There are two types of values in computing: Mutable and Immutable. Mutable basically means the value can be modified or altered. Both Python and Kotlin use immutable basic data types, while with languages such as Java or C, the primitive types of variable are mutable, like the memory of a calculator. Consider the following code:

a = 3
b = a
a =+ 2
a = "The quick brown fox"
a += " jumps over"

With Mutable Primitive Types

  • a = 3
    • copy the value 3 into the memory for ‘a’
  • b = a
    • copy the value held in the memory for a to the memory for b
  • a += 2
    • add to the value held in to modify the value and produce 5
  • a = “the quick brown fox”
    • cannot set a to “the quick brown fox” as the memory area allocated for a is the size for an ‘int’
  • a + = “jumps over”
    • if a had been allocated sufficient memory for the resulting string initially, then ” jumps over” could have be copied on to the end of that string. This would required a to have been initially declared as a block of memory with sufficient space to hold whatever size string may eventually be required

With Immutable Reference Types

  • a = 3
    • set a to point to the value 3 that is already in memory
  • b = a
    • set the pointer value of b to same location as the pointer for a, now both share reference the same now shared memory area and thus the same shared value
  • a += 2
    • since an integer is immutable, a new memory area is allocated. The sum of ‘3+2’ is stored in this new memory area a is set to reference the new memory area. The initial value ‘3’ is still referenced by b.
  • a = “the quick brown fox”
    • a can be set to point to memory area allocated for the string as all ‘pointers’ (or called ids in Python) require the same space in memory
  • a += ” jumps over”
    • strings are immutable, so ” jumps over” cannot be added to the original string. A new area of memory large enough for the join of both strings must be allocated, the two strings are then copied into this new area and a is set to point to this new area.

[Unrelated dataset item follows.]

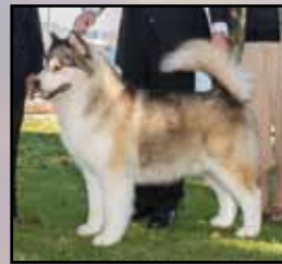
CH North Face Sno Klassic Glory Days (Peel)

Mutable & Immutable Values in Kotlin & Python

Immutable Values in Python

  • int, float, Decimal
  • str
  • bool
  • None
  • tuple

Mutable Values in Python

  • List
  • Dict
  • Set
  • All instances of classes (other than built in classes)

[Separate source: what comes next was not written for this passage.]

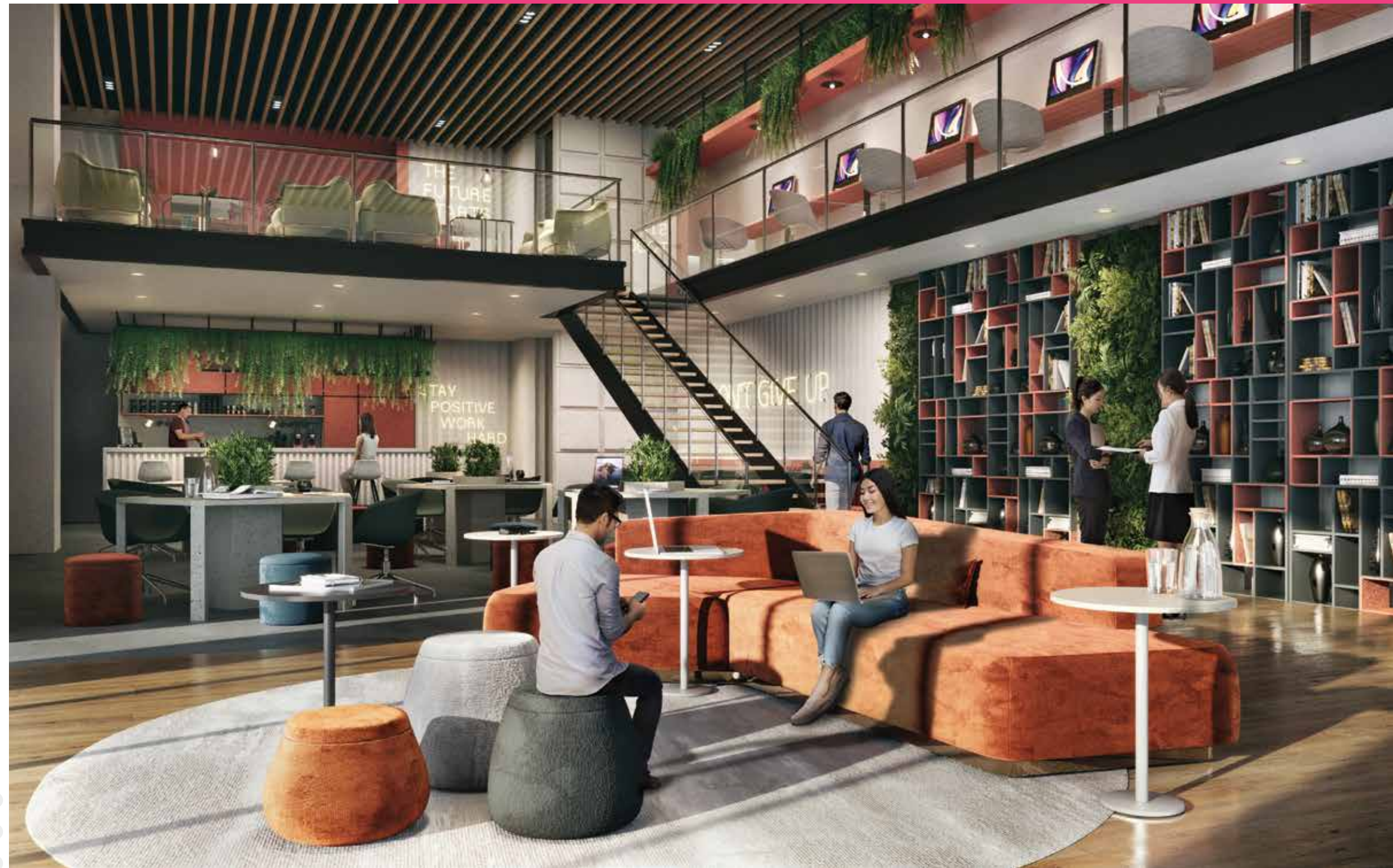
Flexible spaces that suit a variety of businesses. 满足不同事业需求的灵活空间。

随着新山W City Larkinton的总体规划内住宅项目的开发，新的市场也将会被打开，所以现在是您购买和投资的最佳时机。

Immutable Values in Kotlin

  • Int, Float, Decimal (plus Double etc)
  • String
  • Boolean
  • Unit
  • List, Map, Set
  • Objects and instances of classes with only immutable val properties

Mutable Values in Kotlin

  • MutableList
  • MutableMap
  • MutableSet
  • Objects and instances of classes that include vars or vals of mutable data

Python does not have the ability to declare variables as immutable. The does not prohibit code that leaves all variables set to their original value, but it does mean it requires careful reading of the code to ensure there is no modification of values.

Python also does not have the ability to define user defined classes that are immutable. Again this does not prevent creating code that uses classes as if they are immutable, but again the language is providing no help in ensuring this is the case, not help in reading the code to know this is happening.

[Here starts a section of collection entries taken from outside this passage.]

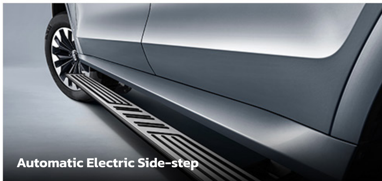
Automatic Electric Side-step
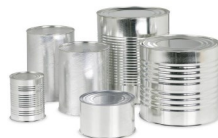
Metal & Tin Cans
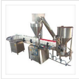
Fully Automatic Powder Filling Machine
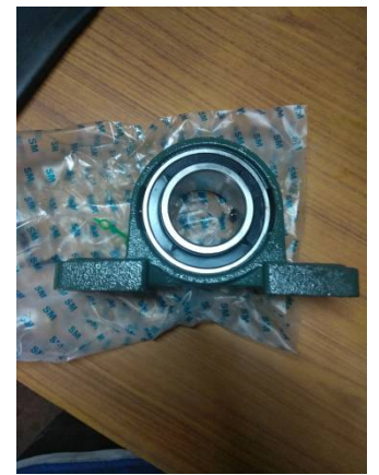
Fig 6.2 (plumber block)

An ISO 3297: 2007 Certified Organization

In very small programs which will be read only by the author of the code neither of these limitations is very significant, but in larger projects with more and the may be needed to be read by different programmers, this makes immutable classes problematic as a concept in Python.

Shared Modifications – The Devil Inside

As revealed in ‘Nobody Expects‘, reference/pointers variables can share the same data, leading to modifications to one variable, also resulting in changes to the other variables that share the same data.

In C and Java, this can never happen with ‘primitive’ data, as that data does not use the reference/pointer approach. With Python and Kotlin, similar behaviour results from keeping these primitive values immutable. The complication of shared changes only applies in either language type with changes to elements inside a container.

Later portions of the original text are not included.